10 takes on a Rugby fiasco

Reading Time: 4 minutes
Manly Rugby League NYC 2020. Photo: NAPARAZZI/Flickr, CC BY-SA 2.0
Manly Rugby League NYC 2020. Photo: NAPARAZZI/Flickr, CC BY-SA 2.0

The problems which created the Sea Eagles crisis are fairly obvious and reveal how mixed up the League’s priorities are

Here’s my list of ten short takes on the Manly Sea Eagles controversy.

1. Consult those most affected

Of all the transgressions of Manly management, the foundational one was that none of the coaching or playing staff was informed, let alone consulted, about the ‘Pride’ jersey. They read about it in the media. If you are going to make a decision that will have a considerable impact on your team, then you should bring them along with you rather than drop a bombshell publicly.

2. Take an interest in your team

Some might say that the decision-makers were not aware that wearing a ‘Pride’ jersey would have been objectionable to any of the players, and especially not half the team. If that’s true, then it just shows that management have little to no interest in their players. It’s not like these players hide their religious beliefs. They pray together, give interviews where they mention their faith and share Christian-themed posts on their social media accounts. Ignorance of the centrality of Christian belief to these players just demonstrates that they are treated as assets, not people.

3. You can’t have your cake and eat it too

Manly’s feeder club is Blacktown Workers. If a northern beaches rugby league team wants to recruit players from western Sydney, many of whom have a deep religious faith that is common in western Sydney communities, then they have to respect that faith. They can’t target Pacific Islander players from western Sydney and then expect them to behave more like the ‘no religion’ mob up the coast.

4. Appreciate the gift of having Christian players

In a sport that is too often plagued by sex scandals, drug scandals, alcohol scandals, family and domestic violence scandals and lewd behaviour scandals, players who prefer to be at church with their family rather than at a Kings Cross nightclub might actually be a gift to the club. Manly management should embrace their devout Christian faith as a benefit to the club’s reputation.

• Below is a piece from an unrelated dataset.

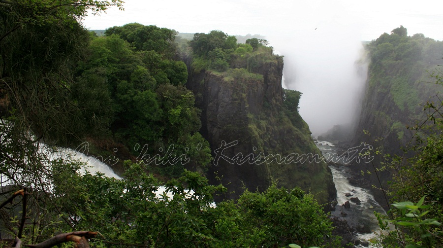 The riverine ‘rainforest’ within the waterfall splash zone is a fragile ecosystem of discontinuous forest on sandy alluvium, dependent upon maintenance of abundant water and high humidity resulting from the spray plume of about 500 m (at maximum height) that can be seen from a distance of 50 km and 30 km from Bulawayo and Lusaka roads respectively. A direct frontage viewing of the falls is possible from both Zambia and Zimbabwe

5. It’s not just a few colours on a jersey

A number of people have commented that the players overreacted to ‘a few colours on a jersey.’ It’s not that simple. For a devout person of faith, wearing something that portrays a message that is not only different to but conflicts with that faith is a very serious matter. When you are attempting to live an authentic Christian life, nothing that goes against it is insignificant, even if it seems inconsequential to others. Sincere Christians try daily to make sure their choices align with their beliefs, it’s just not usually publicised.

6. They’re not hypocrites

Many commentators labelled the seven players ‘hypocrites’ for not wearing the rainbow colours but accepting alcohol sponsorship. I’m not sure those commentators know what a ‘hypocrite’ is. Scripture prohibits homosexual acts outright. It permits alcohol consumption but not drunkenness. So the two aren’t equivalent. In fact, wearing the ‘pride’ jersey while claiming a traditional Christian faith would have been a hypocritical act. They were benched this week because they refused to be hypocrites.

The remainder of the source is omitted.